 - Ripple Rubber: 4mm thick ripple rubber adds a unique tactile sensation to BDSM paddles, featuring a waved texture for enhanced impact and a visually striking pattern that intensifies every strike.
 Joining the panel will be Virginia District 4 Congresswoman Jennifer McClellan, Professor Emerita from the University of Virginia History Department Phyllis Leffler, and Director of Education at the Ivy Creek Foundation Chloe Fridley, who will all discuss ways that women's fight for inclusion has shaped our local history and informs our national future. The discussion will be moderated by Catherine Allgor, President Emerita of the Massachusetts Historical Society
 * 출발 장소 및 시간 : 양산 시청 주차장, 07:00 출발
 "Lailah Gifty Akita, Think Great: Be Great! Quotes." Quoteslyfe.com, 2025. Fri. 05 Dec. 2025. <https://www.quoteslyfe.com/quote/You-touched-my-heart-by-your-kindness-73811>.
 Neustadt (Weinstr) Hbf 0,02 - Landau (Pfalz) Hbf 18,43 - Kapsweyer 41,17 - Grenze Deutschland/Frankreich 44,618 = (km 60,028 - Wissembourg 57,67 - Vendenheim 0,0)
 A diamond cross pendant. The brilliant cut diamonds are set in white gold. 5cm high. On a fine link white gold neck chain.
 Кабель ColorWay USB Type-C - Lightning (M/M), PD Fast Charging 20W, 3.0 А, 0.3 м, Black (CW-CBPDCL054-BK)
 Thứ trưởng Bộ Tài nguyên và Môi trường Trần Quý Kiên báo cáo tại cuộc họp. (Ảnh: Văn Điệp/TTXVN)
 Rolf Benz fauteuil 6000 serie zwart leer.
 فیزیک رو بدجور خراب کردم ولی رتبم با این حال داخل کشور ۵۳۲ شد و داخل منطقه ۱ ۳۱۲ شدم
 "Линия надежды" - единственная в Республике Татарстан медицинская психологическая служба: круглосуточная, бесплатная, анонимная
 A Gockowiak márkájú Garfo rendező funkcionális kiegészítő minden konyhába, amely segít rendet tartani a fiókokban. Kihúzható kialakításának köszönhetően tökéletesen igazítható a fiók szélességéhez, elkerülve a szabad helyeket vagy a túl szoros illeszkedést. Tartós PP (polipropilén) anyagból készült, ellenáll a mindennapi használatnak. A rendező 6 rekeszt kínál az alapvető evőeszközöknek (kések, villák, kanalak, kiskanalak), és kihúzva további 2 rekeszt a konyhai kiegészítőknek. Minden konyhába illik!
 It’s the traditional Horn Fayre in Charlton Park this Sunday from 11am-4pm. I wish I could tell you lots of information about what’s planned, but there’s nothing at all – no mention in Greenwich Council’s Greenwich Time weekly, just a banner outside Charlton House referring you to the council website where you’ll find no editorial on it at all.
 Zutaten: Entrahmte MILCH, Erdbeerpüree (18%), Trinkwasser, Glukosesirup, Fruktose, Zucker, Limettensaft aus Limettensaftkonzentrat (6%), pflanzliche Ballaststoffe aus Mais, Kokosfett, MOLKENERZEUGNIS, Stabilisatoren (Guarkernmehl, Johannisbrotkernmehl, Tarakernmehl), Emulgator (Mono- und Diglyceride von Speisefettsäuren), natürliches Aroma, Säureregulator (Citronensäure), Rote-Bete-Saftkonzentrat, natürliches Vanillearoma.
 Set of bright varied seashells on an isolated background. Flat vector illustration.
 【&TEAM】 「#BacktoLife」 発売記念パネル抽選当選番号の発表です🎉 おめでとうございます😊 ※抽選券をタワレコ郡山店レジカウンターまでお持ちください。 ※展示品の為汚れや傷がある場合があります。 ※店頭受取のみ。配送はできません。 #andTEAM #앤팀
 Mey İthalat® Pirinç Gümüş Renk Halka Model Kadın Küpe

Assignment:
Your answer should consist only of the number of lines in the entries above that include "from".

Result:
2